The phrase “use it or lose it” is very
relevant to ISAs. As of April 6th 2015 you have 366 days to
save up to £15,240 in your ISA. Even though 2016 is a leap year, giving
you an extra day to achieve this, it is recommended to get off the starting
blocks quickly. Let's cover the basics first.
What Is An ISA?
ISA stands for Individual Savings
Account. In very simple terms, you pay into an ISA out of your post-tax
income. You can either keep this money as cash or use it to buy
investments. You should know that there is a government-defined list of
ISA-approved investments and you have to choose from these. Having said
that, the list is pretty extensive, so you have a good chance of finding something
to suit you. If you keep it as cash then the interest you earn is
tax-free. Generally speaking income earned from investments is also
tax-free, but there are some exceptions.
How Does An ISA Work?
You pay into an ISA in the same way as you
pay into any other bank account. As previously mentioned the amount you
can deposit in any one year is capped. It is important to understand that
this cap relates to the amount deposited rather than the amount in the account
at the end of the tax year. In other words, if you withdraw money, you
cannot just put it back later. Otherwise ISAs work much the same way as a
standard savings account or as an investment-funding account. You can
even use the same ISA for both purposes, dividing your money as you see fit.
Do I Have to Pay into An ISA in
One Go?
No, you can save over the course of the year
if you want to. Alternatively you can pay in a lump sum if that suits you
better.
What's The Difference Between
ISAs And NISAs?
Last year ISAs were given a revamp. In
short the limits were increased and they were made more flexible.
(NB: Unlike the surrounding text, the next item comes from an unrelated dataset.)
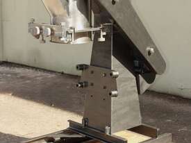 Granulator Sieve, "Jackson & Crockett" model NBR4, stainless steel construction, designed for size reduction and screening of granulated or powdered materials, fitted with perforated sieve basket and rotating impeller for efficient particle separation, suitable for pharmaceutical, food and chemical processing applications, compact design mounted on a heavy duty steel base frame
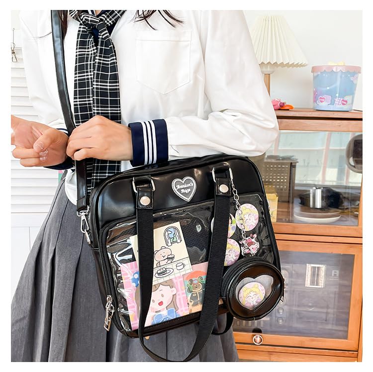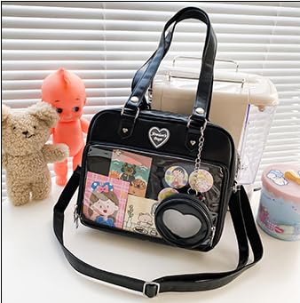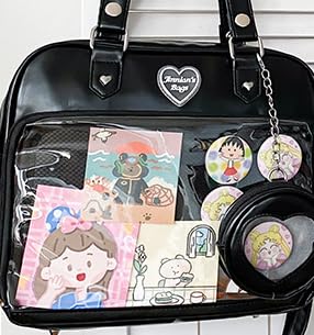 • DIY Pins Display Window Bag Purse Design: Perfect for display your style, with your imagination and your favorite anime merch, you can make a unique and personality ita bag for your own. Put some pins, key chains or photo in the clear area without the risk of losing them.

For a
while these new-format ISAs were referred to as NISAs. Sometimes they
still are, but the term ISA is also in common use. There is a limit to
how long something can really be considered new.
How Do I Save into A NISA/ISA?
The short answer is however it suits you
best. If you have a regular income, you can set up a standing order to
ensure that your ISA is topped up when you get paid. If your income
fluctuates you can deposit money throughout the year as you have it
spare. Alternatively you could save into a regular savings account
throughout the year and transfer a lump sum at the end of the tax year.
That way you can take out and replace money without any penalties.
How can I make the most of my
NISA/ISA?
Quite simply the more you put in, the more
you can potentially get out. In other words, if you possibly can, use
your whole ISA allowance.
If you were unable to max out your ISA last
year, now may be a good time to reflect on why that was. If you simply didn't
have the money, then that is fair enough. Is there anything you could do
to make your income go a little further this year? Maybe now would be a
good time to review the family finances and run a keen eye over your household
budget. If you did have the money but did not put it into an ISA, what
specifically stopped you? Did you just forget? If so a standing
order may be the answer. Alternatively you could set a reminder on your
phone or calendar to double-check if you should be making a deposit.